The Archaeological Museum of Thessaloniki, in collaboration with the Association of Friends of the Archaeological Museum of Thessaloniki, continues the much-loved series of scholarly talks “Wednesdays at the Museum – Archaeological Lectures.”
The initiative aims to acquaint the Thessaloniki public with new excavation and interdisciplinary research and their findings.
This month we welcome Fotis Georgiadis, Head of the Northern Greece Office of the Ephorate of Paleoanthropology and Speleology, with the lecture: “Under the Surface: Ancient Cult and Rituals in Caves of Northern Greece.”
Caves constitute a rupture in the continuum of the ground, a fissure in the world that surrounds us, a point from which we gain access to the bowels of the earth.
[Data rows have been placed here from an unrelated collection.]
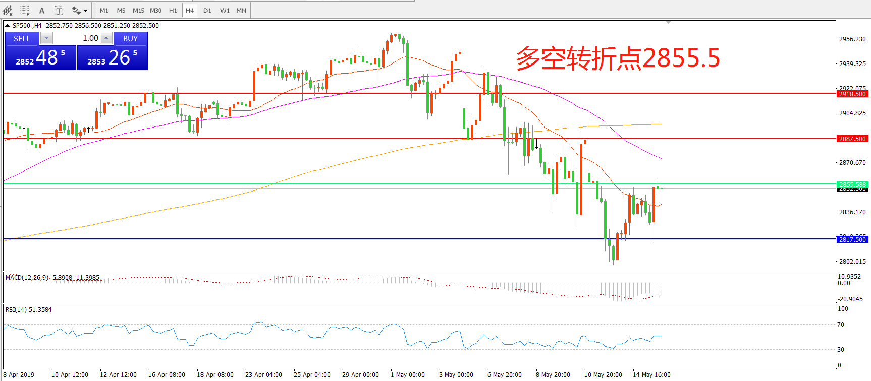 多空转折点:2855.50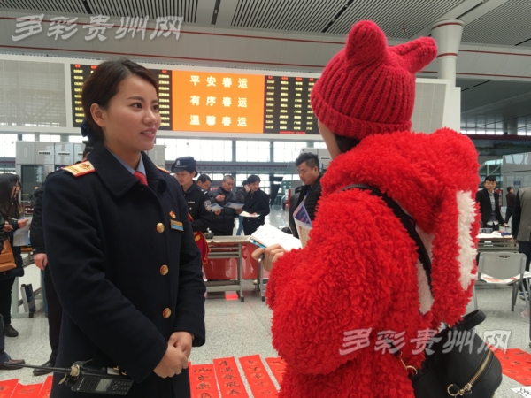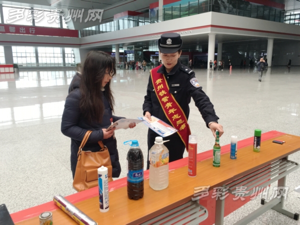 随着春运大幕开启,贵阳铁警也吹响了安保集结号。在贵阳北站候车厅内,几名警花手持安保宣传单,在放满违禁物品的红布桌旁,向过往的乘客讲解常见骗术和自我防护技巧。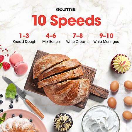 [Prime] 5-Quart Gourmia Digital Electric Stand Mixer w/ Attachments (Grey) $67.99 + Free Shipping

Light recedes; the shapes and textures of the materials around us are different from the usual; it is certain that we are in a space that differs, something other than what we know.
In this lecture we will examine how these underground landscapes of northern Greece functioned as sacred places—stages of ritual and piety. The archaeological data and the conclusions that have emerged from the research of the Ephorate of Paleoanthropology and Speleology in caves of northern Greece in recent years will be presented, as well as significant monuments investigated earlier. A tour through underground spaces of Neolithic ceremonies and ancient sacred caves from Thessaly to Eastern Macedonia and from Thasos to Samos.